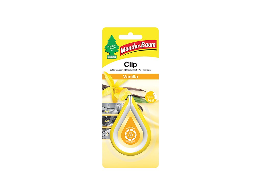 WUNDER-BAUM CLIP - inovativna oblika osvežilca zraka za avtomobil v obliki originalne in elegantne sponke. Dolgotrajno sprošča dišavo zahvaljujoč napredni polimerni tehnologiji.
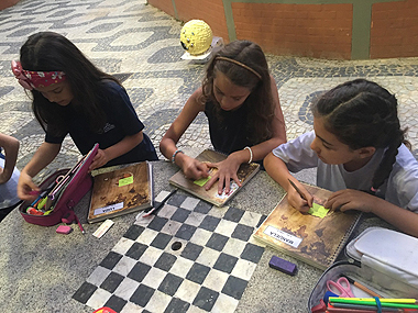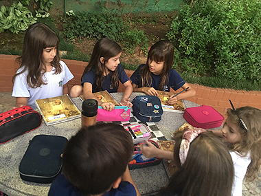 Além das descobertas, as crianças tiveram o privilégio de encontrar abelhas polinizando as flores do Parque da Acolhida. Após tantas vivências significativas, os alunos escreveram frases incentivadoras da preservação das abelhas e anexaram suas produções na colmeia conscientizadora.
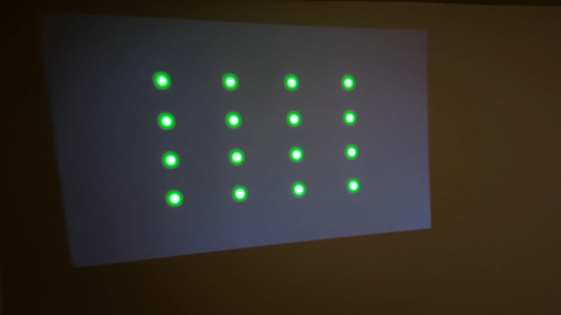 Once you turn on the projector, it will do a quick auto calibration to make sure the screen doesn't look skewed. I've used this on a household wall, an exterior stucco wall, the side of a shed, and a sheet hung on a deck and in all cases the projector's auto calibration feature figured out how to make the visuals look decent.
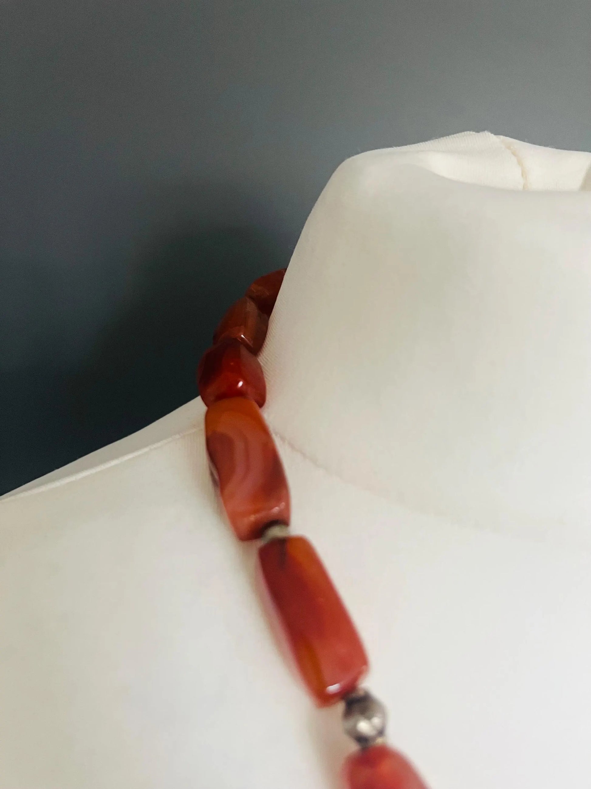 Step back into the free-spirited 1970s with this beautiful vintage beaded necklace, crafted with chunky brown-orange stones and silver-tone center beads featuring intricate etched detailing. A true boho statement piece, this necklace blends earthy tones with artistic metalwork, making it perfect for lovers of retro, festival, or eclectic styles.
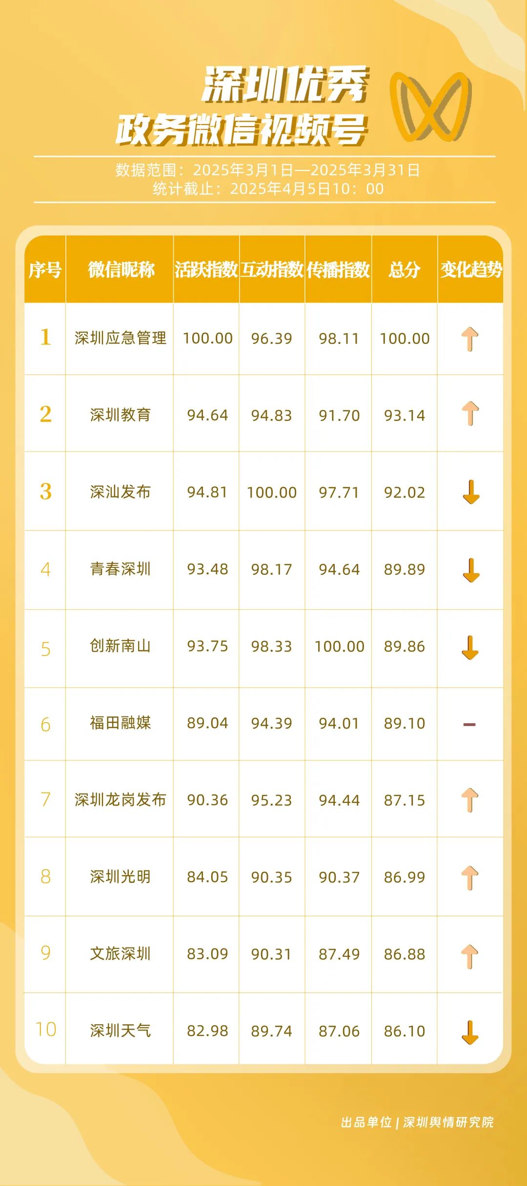 《深圳優(yōu)秀政務新媒體矩陣》將深圳黨政機關、企事業(yè)單位開設的政務公眾號(微信)、微博號、抖音號、視頻號(微信)及頭條號按照活躍指數(shù)、互動指數(shù)、傳播指數(shù)三項指標進行綜合評價,最終形成優(yōu)秀名單。
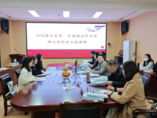 3月17日上午,文艺学、中国现当代文学专业研究生学位论文预答辩由华中师范大学王泽龙教授担任答辩主席,上海社会科学院王光东教授线上出席,答辩委员有我校李军辉教授、沈文慧教授、缑广飞教授、方志红教授、徐洪军和王丹副教授。文艺学、现当代文学非毕业年级研究生旁听了本次预答辩。
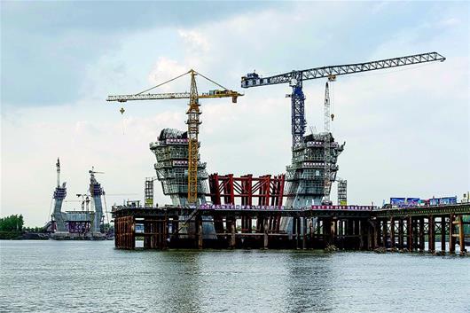 湖北日报讯 8日,嘉鱼长江公路大桥施工现场,工程建设者在主塔激战正酣。嘉鱼长江大桥是嘉鱼县和洪湖市之间的一座公路斜拉桥,与武汉城市圈环线高速公路洪湖段和咸宁西段贯通,大桥全长4.7公里,按双向六车道高速公路标准建设,预计2019年通车。目前,桥桩基、承台全部施工完毕。
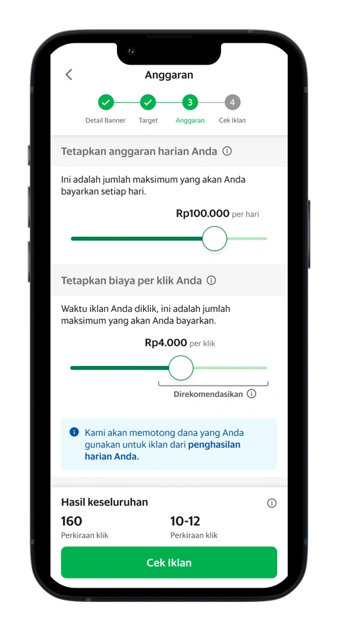Mendapatkan rekomendasi anggaran, agar iklan yang Anda buat lebih mendapatkan prioritas dibandingkan yang lain.

EXERCISE DETAILS:
Would you reproduce, exactly and with nothing added, every line from the beginning of the entries above through the line that contains "Além das descobertas, as", both included, leaving out the pictures?

YOUR RESPONSE:
 WUNDER-BAUM CLIP - inovativna oblika osvežilca zraka za avtomobil v obliki originalne in elegantne sponke. Dolgotrajno sprošča dišavo zahvaljujoč napredni polimerni tehnologiji.
 Além das descobertas, as crianças tiveram o privilégio de encontrar abelhas polinizando as flores do Parque da Acolhida. Após tantas vivências significativas, os alunos escreveram frases incentivadoras da preservação das abelhas e anexaram suas produções na colmeia conscientizadora.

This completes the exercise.